Should I prove this is valid for any a and b? It says for some elements a and b. But I might as well take the unit element.

Could you give me a clue on how to solve it?

Cheers!

Answer 1

The problem says $ g \sim g' $ if and only if there are elements $ a \in A $ and $b \in B$ such that $ g' = agb $

Reflexivity: For this the unit element which is present in both $A$ and $B$ is exactly what you need.

Symmetry: We need to show that if $ g \sim g'$ then $g' \sim g$. That is if there are elements $a \in A, b \in B $ such that $ g' = agb $ then there are elements $ a' \in A, b' \in B $ such that $ g = a'g'b' $. Try using the inverse elements of $a$ and $b$

Transitivity: We are given that $ g \sim g' $ and $g' \sim g'' $ from which we need to prove that $ g \sim g'' $. From the assumption there are elements $ a, a' \in A $ and $b, b' \in B$ such that $g' = agb $ and $ g'' = a'g'b' $. Think of the most obvious substitution. Then think why there must be elements $ a'a \in A $ and $b'b \in B$ which give us the required relation between $g$ and $g''$

Answer 2

We can show that by verifying 3 properties:

• Reflexive- $x\sim x$ by using $a = b =e$ which obviously exists since $A,B$ are subgroups and therefore, $e \in A,B$.
• Symmetric - $x\sim y$ then there exist $a\in A$ and $b\in B$ s.t. $y = axb$. $A, B$ are subgroups and therefore $a^{-1}\in A$ and $b^{-1}\in B$ and therefore $x = a^{-1}yb^{-1}$ which imply $ y\sim x$
• Trasitive - $x\sim y$ and $y\sim z$ then there are $a,a'\in A, b,b'\in B$ s.t. $y=axb$ and $z=a'yb'$ and by subtitution of $y$ we get $z = aa'xb'b$ and because $A,B$ are subgroup and closed under multiplextion we get that $aa'\in A$ and $bb'\in B$ and therefore $x\sim z$

Answer 3

i. Reflexivity

$g \sim g$. $\ \ \ $Indeed, for $\ \exists\ \ e_{A} \in A\ \ \text{and}\ \ e_{B} \in B\ \ \text{such that}\ \ g= e_{A}\ g\ e_{B} \Rightarrow g = g$.

ii. Symmetry

$g \sim g' \Rightarrow g'\sim g$. $\ \ \ $ Since there are $a \in A $ and $b \in B$ such that $g = a\ g\ b$ then as $A$ and $B$ are subgroups, there exist $a^{-1} \in A$ and $b^{-1} \in B$ such that $g=a\ g'\ b \Rightarrow g' = a^{-1}\ g \ b^{-1} \Rightarrow g' \sim g $.

iii. Transitivity

$g \sim g''$ and $g'' \sim g' \Rightarrow g \sim g'$. $\ \ \ $In fact, there exist $a',a'' \in A$ and $b',b'' \in B$ such that $g = a''\ g''\ b''$ and $g'' = a'\ g'\ b'$, then $g = a'' \ (a'\ g' \ b') \ b'' \Rightarrow g = (a' a'')\ g'\ (b' \ b'')$. Let $a : = a'\ a'' \in A$, and $b := b'\ b'' \in B$ then we have $g = a\ g'\ b$ which means that $g \sim g'$.

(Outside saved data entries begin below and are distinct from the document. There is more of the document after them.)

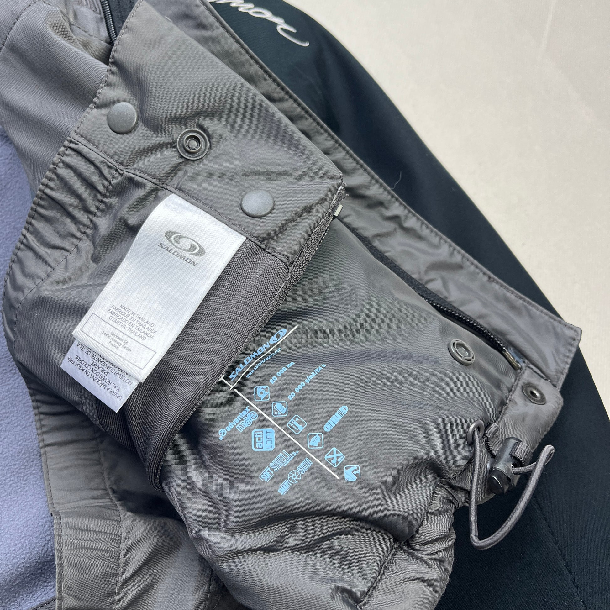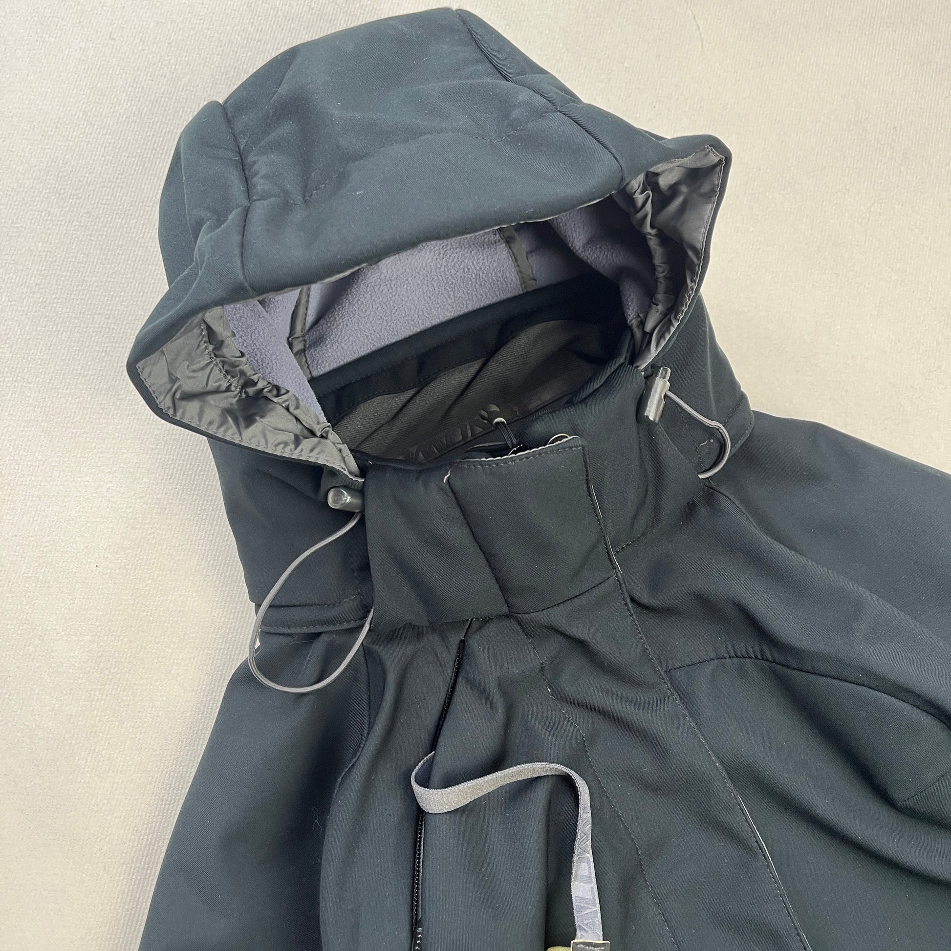 Black Salomon's 2007 Ski Jacket. Water-repellent softshell outer, fleece-lined & seam-taped.
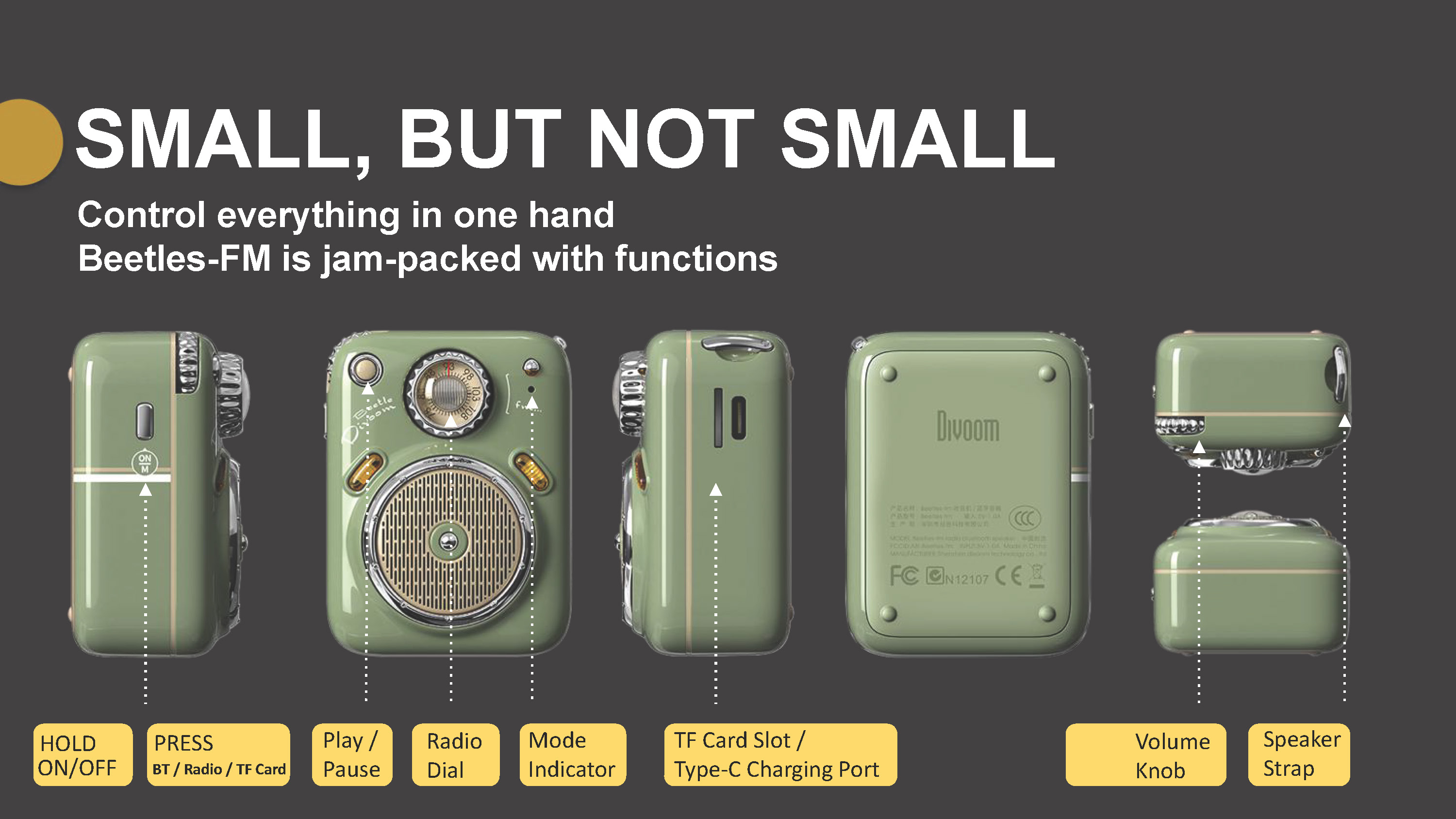 (NEXT DAY DELIVERY) Divoom Beetle FM Radio Bluetooth 5.0 Speakers with Micro SD Card slot
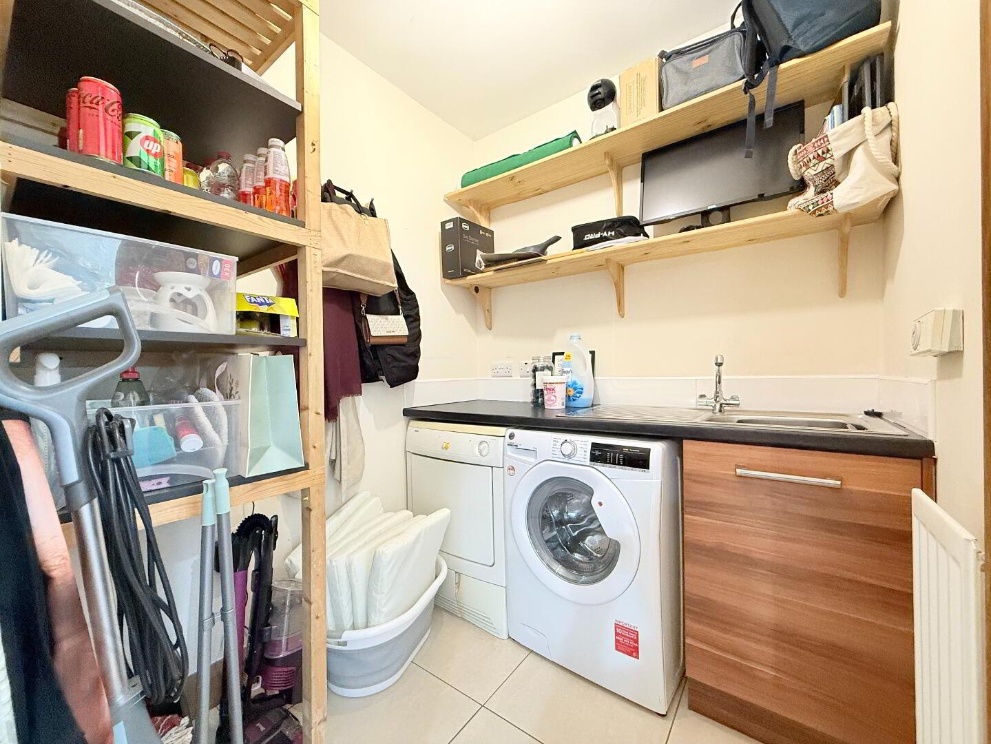 Located off the kitchen, tiled flooring with low level unit and laminate worktop, plumbing for a washing machine and tumble dryer.
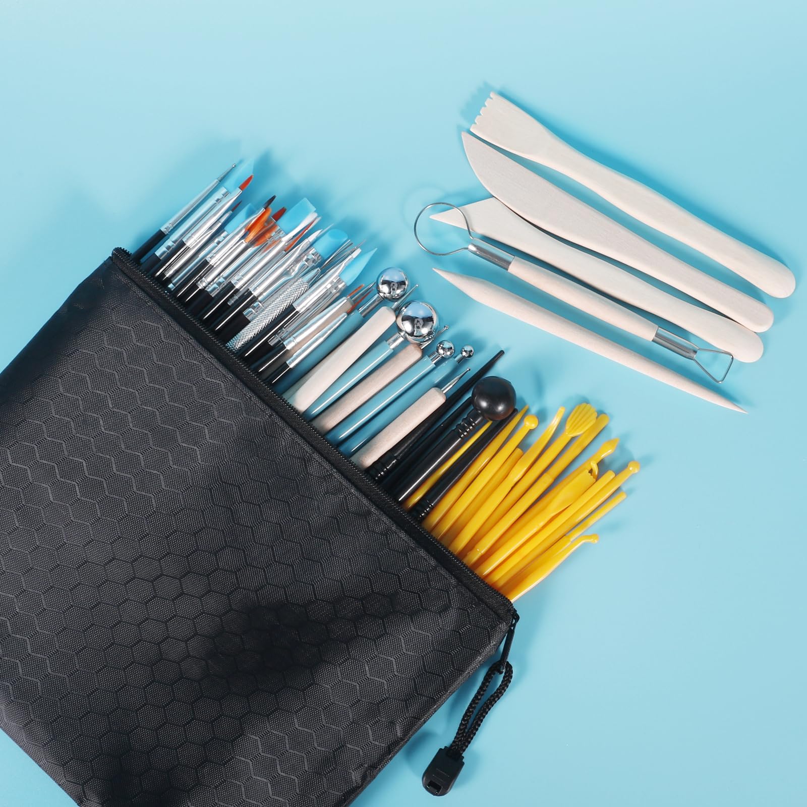 Trousse Rangement Outils Modelage SVIPDDD Outils Sculpture Argile De 55 Pièces Pour La Maison, Outils En Argile Et Accessoires Pour L'artisanat, La Peinture Et L'artisanat Pour Les Artistes Et Les Amateurs De Poterie Créative Kit Outils Modelage 55 Pièces Poterie Outils de modélisation d'argile 14 pièces, argile séchée à l'air Il inclut tout le nécessaire pour modeler, texturer et créer des pièces uniques en poterie ou en artisanat. Idéal pour les cours d'art, les projets DIY ou juste... Kit d'outils de modélisation polyvalent de 55 pièces: le kit de poterie offre tout ce dont les céramistes débutants et avancés ont besoin. L'outil de poterie avec divers outils, y compris des outils en boucle, des aiguilles et autres, est idéal pour une large gamme de travaux de céramique et de modélisation. Les pointes finement polies et lisses sont robustes et permettent un travail précis, tandis que les poignées confortables assurent un travail sans fatigue. Outils pour poterie et céramique Il existe des outils en céramique et des outils de sculpture en argile disponibles dans une variété de styles et de tailles pour la sculpture, le moulage, la modélisation et bien plus encore, cela ouvre des possibilités infinies dans le monde de la créativité. Tous les outils et accessoires peuvent être rangés en toute sécurité et toujours à portée de main, ce qui en fait le compagnon idéal pour les artistes qui ne veulent pas manquer leur créativité en déplacement. Outil dargile Cest un cadeau parfait pour tous ceux qui souhaitent développer leurs compétences en poterie et en conception de poterie, et offre une excellente occasion de promouvoir la créativité et lartisanat. 55 outils essentiels pour le modélisme, les réparations et les projets créatifs. · Fabriqué à partir de matériaux durables, notamment de l'acier inoxydable et du...
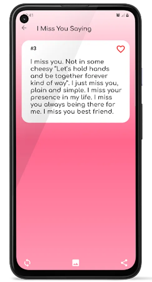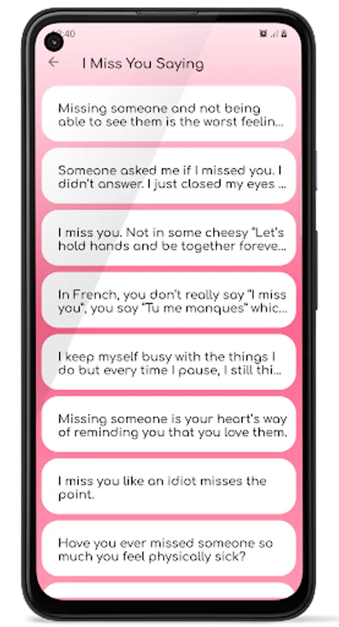 I Miss You Quotes App contains a collection collection of 1000+ best i miss you quotes, Love quotes to express how much you miss that special someone. Let these quotes help you to express what you are feeling about other persons.
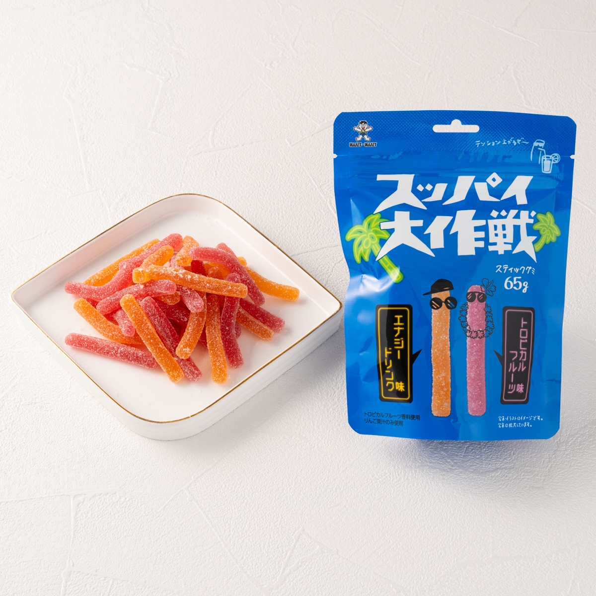 「スッパイ大作戦」は、ハードな食感と甘酸っぱいパウダーが特徴のスティック状グミで、やみつきになる食感と味わいがZ世代にも人気。2019年秋に「コーラ&レモン」の発売以降、10種類以上のフレーバーを展開し、全国のDAISOやスーパーなどで販売中の人気シリーズです。
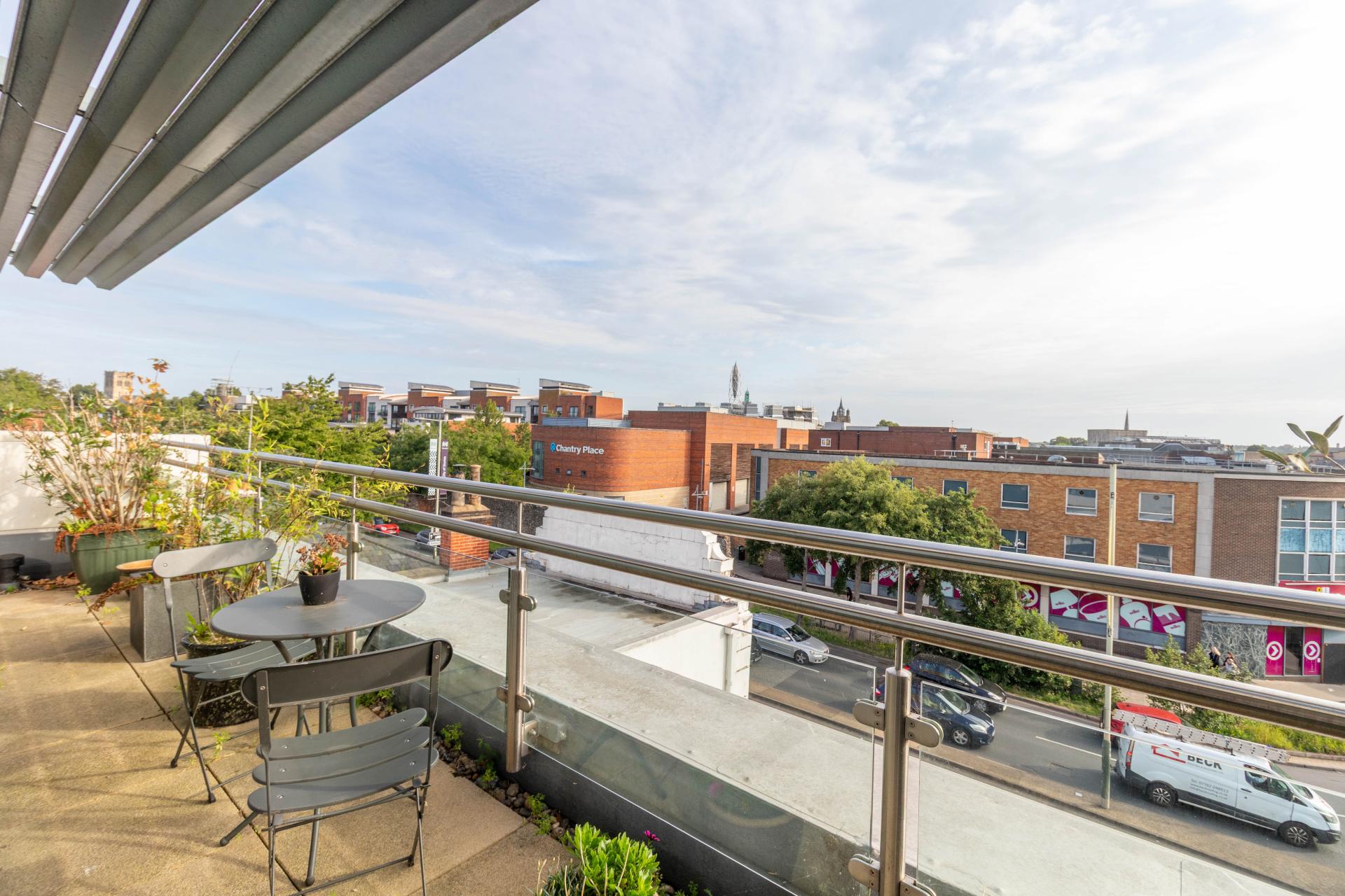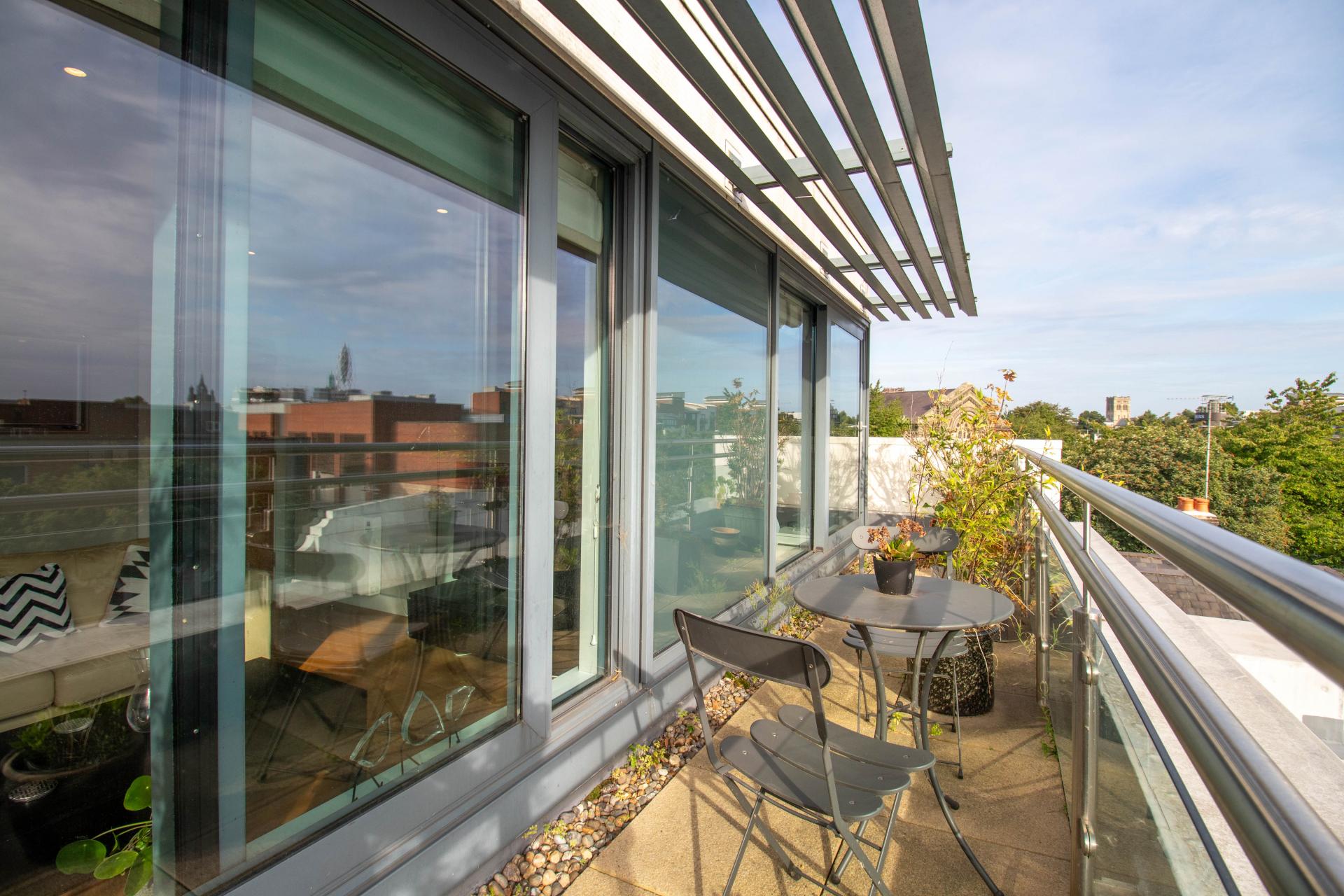 - Large Private Balcony With City Skyline Views.
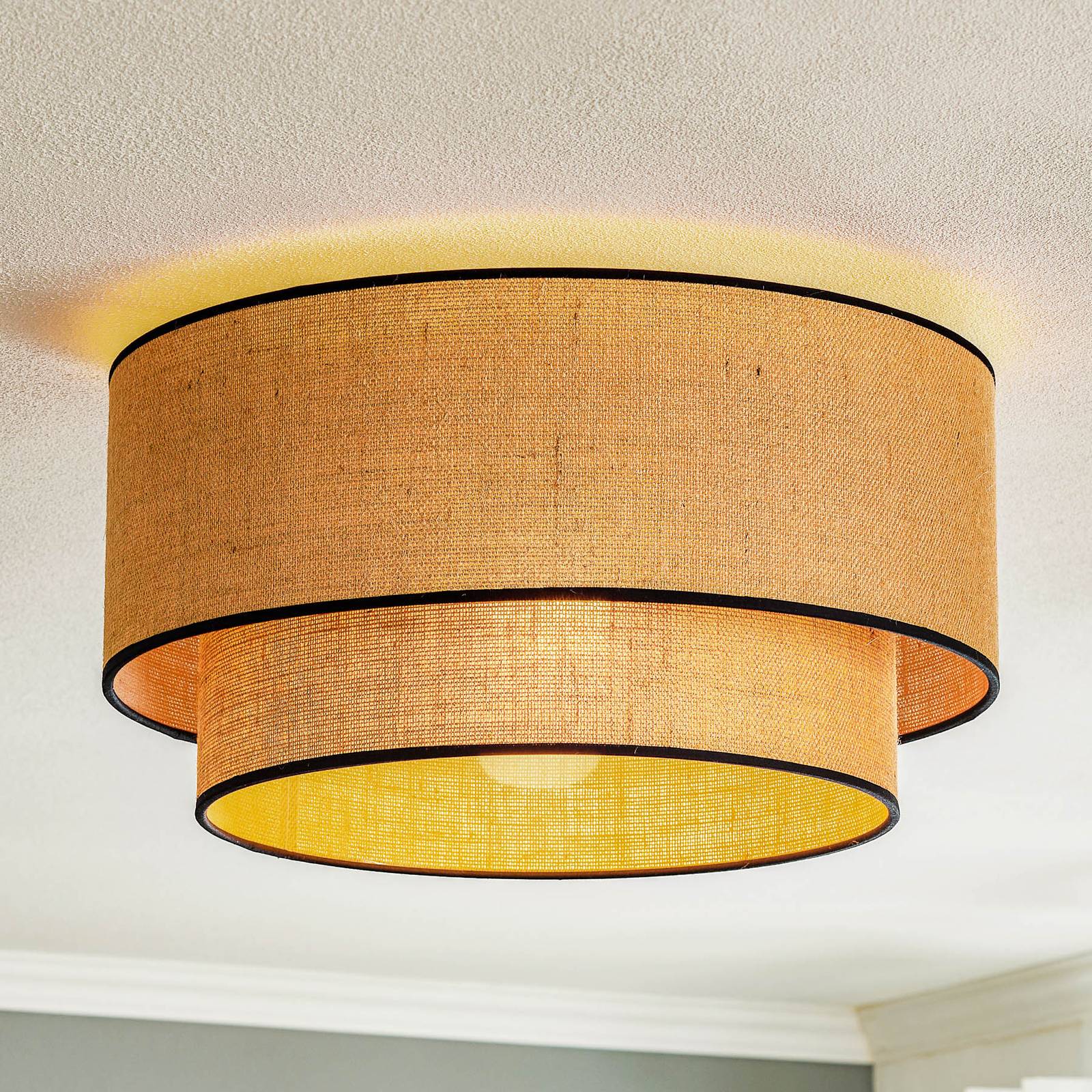 Stropné svietidlo Euluna Boho juta & čierna, prírodná/čierna, Ø45cm

A very important notion in Groups lies on this equivalence relation as follow

$$ y \sim x \Leftrightarrow \exists h \in H\ \ \text{such that}\ \ y = xh$$

As an exercise you could show that this is an equivalence relation. This set $ \lbrace y \in G ; y \sim x \rbrace = \lbrace xh ; h \in H \rbrace$ is denoted by $xH$ and is called left coset.